"We got text messages on our mobile phones, and we knew we had to jump into action," said Nial Tanvir, an astronomer at the U.K.'s University of Leicester and lead author of the other optical study.
Different teams of astronomers using telescopes in Hawaii, New Mexico, Chile, and Spain all tracked the massive explosion as it faded away.
Salvaterra and Tanvir's teams published their findings in two separate papers appearing this week in the journal Nature. Frail and colleagues posted their report last week to the Cornell University Web site Arxiv.org.
Breaking Up the Mist
Because of its extreme distance, the newfound gamma-ray burst shows that the star exploded before the dark ages ended thanks to reionization.
During the dark ages, the hydrogen atoms that permeated the universe were uncharged, so the gas blocked much of the radiation that we perceive as starlight.

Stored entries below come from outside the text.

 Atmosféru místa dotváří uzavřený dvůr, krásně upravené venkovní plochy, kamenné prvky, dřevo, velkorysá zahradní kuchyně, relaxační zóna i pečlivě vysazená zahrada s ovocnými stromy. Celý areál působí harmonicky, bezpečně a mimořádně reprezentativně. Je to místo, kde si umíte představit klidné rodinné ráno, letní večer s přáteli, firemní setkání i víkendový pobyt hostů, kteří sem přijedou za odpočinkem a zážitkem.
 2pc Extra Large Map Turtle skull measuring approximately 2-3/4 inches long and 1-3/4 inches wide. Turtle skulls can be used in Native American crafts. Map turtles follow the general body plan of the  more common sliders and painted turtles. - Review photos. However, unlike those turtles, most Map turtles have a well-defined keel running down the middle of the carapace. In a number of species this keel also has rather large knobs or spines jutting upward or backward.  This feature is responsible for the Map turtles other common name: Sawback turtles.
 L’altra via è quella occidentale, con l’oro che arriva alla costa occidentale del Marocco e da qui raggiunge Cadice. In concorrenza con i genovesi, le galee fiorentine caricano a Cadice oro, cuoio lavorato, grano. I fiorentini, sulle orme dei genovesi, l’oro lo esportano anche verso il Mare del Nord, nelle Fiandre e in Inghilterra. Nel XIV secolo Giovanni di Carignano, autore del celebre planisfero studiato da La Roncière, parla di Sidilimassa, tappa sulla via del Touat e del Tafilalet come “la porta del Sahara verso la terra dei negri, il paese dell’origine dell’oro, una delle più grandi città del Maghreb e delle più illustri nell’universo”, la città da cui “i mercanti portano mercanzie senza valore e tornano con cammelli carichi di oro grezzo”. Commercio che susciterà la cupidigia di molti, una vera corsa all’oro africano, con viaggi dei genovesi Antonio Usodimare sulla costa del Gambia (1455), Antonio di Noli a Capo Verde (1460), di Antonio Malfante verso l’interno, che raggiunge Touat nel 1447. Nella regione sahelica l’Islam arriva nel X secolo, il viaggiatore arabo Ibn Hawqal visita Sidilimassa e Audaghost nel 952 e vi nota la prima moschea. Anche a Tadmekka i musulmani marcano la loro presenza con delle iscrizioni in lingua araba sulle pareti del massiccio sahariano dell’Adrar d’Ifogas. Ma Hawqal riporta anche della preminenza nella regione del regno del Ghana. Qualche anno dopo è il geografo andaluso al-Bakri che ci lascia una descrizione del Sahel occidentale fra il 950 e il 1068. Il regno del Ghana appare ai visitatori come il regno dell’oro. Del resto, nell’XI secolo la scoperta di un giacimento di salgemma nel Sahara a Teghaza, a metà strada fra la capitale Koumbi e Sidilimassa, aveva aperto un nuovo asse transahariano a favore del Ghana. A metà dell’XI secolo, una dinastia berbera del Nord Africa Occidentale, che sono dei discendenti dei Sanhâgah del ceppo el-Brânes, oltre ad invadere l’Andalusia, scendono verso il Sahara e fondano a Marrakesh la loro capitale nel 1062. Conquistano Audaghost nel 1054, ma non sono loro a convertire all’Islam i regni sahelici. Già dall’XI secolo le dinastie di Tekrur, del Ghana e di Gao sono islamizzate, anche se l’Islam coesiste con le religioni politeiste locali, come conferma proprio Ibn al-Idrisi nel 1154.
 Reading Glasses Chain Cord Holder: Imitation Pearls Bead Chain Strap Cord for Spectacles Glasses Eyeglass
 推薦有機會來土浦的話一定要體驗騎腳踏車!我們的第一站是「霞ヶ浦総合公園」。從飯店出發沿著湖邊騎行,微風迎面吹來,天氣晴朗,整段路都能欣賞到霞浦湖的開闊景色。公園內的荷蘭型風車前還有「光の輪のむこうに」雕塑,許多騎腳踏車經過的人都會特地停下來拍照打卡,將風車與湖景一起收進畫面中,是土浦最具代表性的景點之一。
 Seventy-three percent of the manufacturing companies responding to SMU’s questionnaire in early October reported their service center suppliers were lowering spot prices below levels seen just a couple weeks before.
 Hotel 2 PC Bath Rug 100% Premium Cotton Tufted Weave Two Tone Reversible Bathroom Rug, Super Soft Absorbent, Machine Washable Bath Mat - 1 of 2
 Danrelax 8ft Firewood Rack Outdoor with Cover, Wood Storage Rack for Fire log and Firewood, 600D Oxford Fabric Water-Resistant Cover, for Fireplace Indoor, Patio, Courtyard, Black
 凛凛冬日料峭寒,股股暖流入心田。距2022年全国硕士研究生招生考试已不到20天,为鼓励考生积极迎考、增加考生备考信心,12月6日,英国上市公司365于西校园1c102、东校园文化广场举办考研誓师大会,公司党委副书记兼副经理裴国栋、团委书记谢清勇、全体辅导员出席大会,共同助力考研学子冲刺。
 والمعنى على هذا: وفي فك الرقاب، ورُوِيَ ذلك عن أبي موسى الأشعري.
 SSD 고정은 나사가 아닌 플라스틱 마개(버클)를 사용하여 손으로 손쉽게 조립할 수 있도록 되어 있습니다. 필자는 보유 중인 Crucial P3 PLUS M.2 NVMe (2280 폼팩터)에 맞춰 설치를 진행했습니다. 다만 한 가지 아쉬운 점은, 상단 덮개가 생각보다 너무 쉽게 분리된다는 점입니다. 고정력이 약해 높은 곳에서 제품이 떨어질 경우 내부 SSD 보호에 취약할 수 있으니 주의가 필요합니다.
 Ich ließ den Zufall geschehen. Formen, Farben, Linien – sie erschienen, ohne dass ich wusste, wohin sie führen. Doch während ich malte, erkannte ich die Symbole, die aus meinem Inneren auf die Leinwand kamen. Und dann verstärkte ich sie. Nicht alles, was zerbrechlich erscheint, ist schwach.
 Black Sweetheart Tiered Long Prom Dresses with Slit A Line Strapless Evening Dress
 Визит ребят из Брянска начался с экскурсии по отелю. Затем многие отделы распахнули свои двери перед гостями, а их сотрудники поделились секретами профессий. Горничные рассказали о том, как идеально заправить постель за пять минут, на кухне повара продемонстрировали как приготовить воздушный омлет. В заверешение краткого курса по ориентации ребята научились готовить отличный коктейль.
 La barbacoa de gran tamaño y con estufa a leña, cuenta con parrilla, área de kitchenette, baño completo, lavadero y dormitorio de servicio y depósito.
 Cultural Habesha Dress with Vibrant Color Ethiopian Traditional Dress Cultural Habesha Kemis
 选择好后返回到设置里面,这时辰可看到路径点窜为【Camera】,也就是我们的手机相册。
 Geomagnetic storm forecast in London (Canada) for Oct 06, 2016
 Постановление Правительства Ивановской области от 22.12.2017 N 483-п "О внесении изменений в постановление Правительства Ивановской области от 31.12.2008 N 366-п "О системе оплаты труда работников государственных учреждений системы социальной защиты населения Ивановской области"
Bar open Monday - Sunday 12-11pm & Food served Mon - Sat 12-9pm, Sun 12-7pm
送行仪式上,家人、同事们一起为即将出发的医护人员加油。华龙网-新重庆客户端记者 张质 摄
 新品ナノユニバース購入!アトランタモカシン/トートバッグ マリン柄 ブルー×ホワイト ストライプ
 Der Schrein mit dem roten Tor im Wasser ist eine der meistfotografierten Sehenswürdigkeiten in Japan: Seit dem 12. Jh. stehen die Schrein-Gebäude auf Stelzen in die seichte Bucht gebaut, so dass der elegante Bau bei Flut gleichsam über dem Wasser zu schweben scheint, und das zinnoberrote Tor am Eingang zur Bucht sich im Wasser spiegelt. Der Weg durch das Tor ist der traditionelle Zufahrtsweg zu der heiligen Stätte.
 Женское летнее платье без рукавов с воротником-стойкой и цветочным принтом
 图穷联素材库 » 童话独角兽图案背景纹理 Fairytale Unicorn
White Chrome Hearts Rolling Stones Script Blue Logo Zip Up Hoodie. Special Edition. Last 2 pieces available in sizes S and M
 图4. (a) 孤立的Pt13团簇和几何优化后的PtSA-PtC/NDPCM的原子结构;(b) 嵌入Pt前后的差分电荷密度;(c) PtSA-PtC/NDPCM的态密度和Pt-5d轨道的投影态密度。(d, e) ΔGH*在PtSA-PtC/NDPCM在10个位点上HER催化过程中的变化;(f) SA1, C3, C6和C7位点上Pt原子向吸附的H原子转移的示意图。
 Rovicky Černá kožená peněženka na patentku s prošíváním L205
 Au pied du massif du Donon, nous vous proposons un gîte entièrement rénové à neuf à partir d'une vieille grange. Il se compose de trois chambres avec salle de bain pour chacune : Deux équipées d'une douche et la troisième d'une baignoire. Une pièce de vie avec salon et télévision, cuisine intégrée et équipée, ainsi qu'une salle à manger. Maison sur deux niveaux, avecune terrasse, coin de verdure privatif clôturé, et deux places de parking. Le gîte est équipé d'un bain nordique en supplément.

But over time, light from the first stars ionized the hydrogen, turning it into a charged gas.
When this happened, "the universe went fairly rapidly from being opaque to suddenly being transparent," Tanvir said. "It's like on a foggy day, when the sun comes out and breaks up the mist."
Gamma-ray bursts can shine through the haze of the dark ages, however, since a gamma ray is the most intense type of light known.
By studying more gamma-ray bursts, researchers might be able to figure out when the very first stars appeared and when they began to clear up the fog.
Bing Zhang, of the University of Nevada in Las Vegas, wrote a commentary also appearing in Nature but was not involved in any of the studies.
"The discovery," Zhang wrote, "opens up the exciting possibility of studying the reionization epoch and the preceding cosmic dark ages."